Upon release, entries become immediately available and searchable (Fig. 2). In addition to the standard keyword-based search, we have also implemented a low-level SQL search methodology to enable users to easily search for specific meta-data of the released entries, similar to the PDBj Mine 2 RDB (Kinjo et al. 2017, 2018). Users can access individual entries to find more information provided by the depositors, or download the raw data files (Fig. 3). BSM-Arc entries are also cross-linked with PDB entries on the PDBj website, given that the depositors have added the corresponding annotation.

Fig. 2
figure 2

List of published entries at https://bsma.pdbj.org/search/bsma. Published entries are shown as their title, the authors, a graphical abstract set by the depositors, and the deposition, modification, and release dates

Fig. 3
figure 3

Published entry BSM-00001 at https://bsma.pdbj.org/entry/1. a In the top panel, the title, graphical abstract, authors, DOI, and links to external databases are listed. Below that, the free-text panels configured by the depositors are shown and finally the file manager, which works as the file manager described in Fig. 1, except no files can be uploaded and no modifications can be made. Here, two methods of annotation are used, first via a free-text panel (named “Description”), which describes the general layout of the uploaded data.
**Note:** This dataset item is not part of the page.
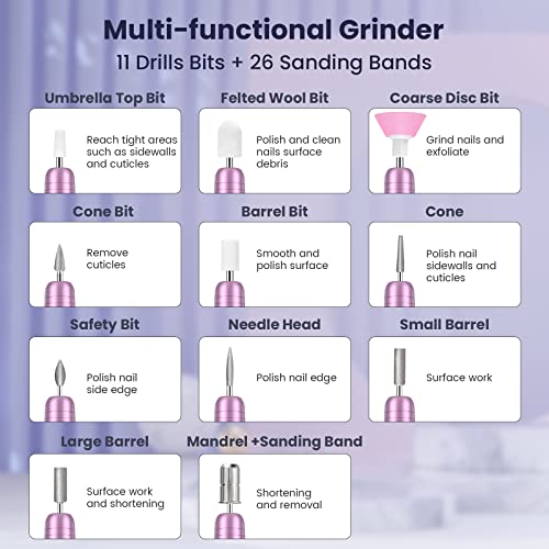 - Professional Nail Drill Machine: Our upgraded nail drill includes 11 drill bits, 1 brush, 1 glass nail file, and 26pcs sanding bands. Ergonomic design gives comfortable and firm grip which is perfect for professional nail technicians, as well as for those looking to perfect their nail care at home.

Secondly, for the major files and folders, a per-file or per-folder description is included in the “File manager” panel. b List of raw data files included in one of the raw data folders of the entry (https://bsma.pdbj.org/entry/1/path/data/raw/300K/1fvc/1). The input and output files (both ASCII and binary) to/from the MD software were uploaded as is, without any modifications. For this entry, the individual trajectory files (md.xtc) were outputted during the simulation without solvent, making the trajectory files relatively small (albeit that there are 250 such trajectories in this entry). c The file md.gro loaded using the integrated Molmil viewer. In order to load a trajectory file (e.g., md.xtc) from this state, Molmil’s command line must be used, which can be accessed by clicking on the “<” icon in the bottom-left corner. From here, entering the command “load md.xtc” will download and load the file. Finally, to play the trajectory, the “mplay” command can be used

BSM-Arc is still only in its infancy, with many of its policies and features being quite basic. We have implemented multiple basic methods for annotation to allow depositors to freely find and use their own style. Although in the future, we would like to unify everything under a single style, first a consensus within community must be reached. We would like to invite the wider computational community to try and evaluate our archive, to help us shape it, like the experimental community has for done for the PDB.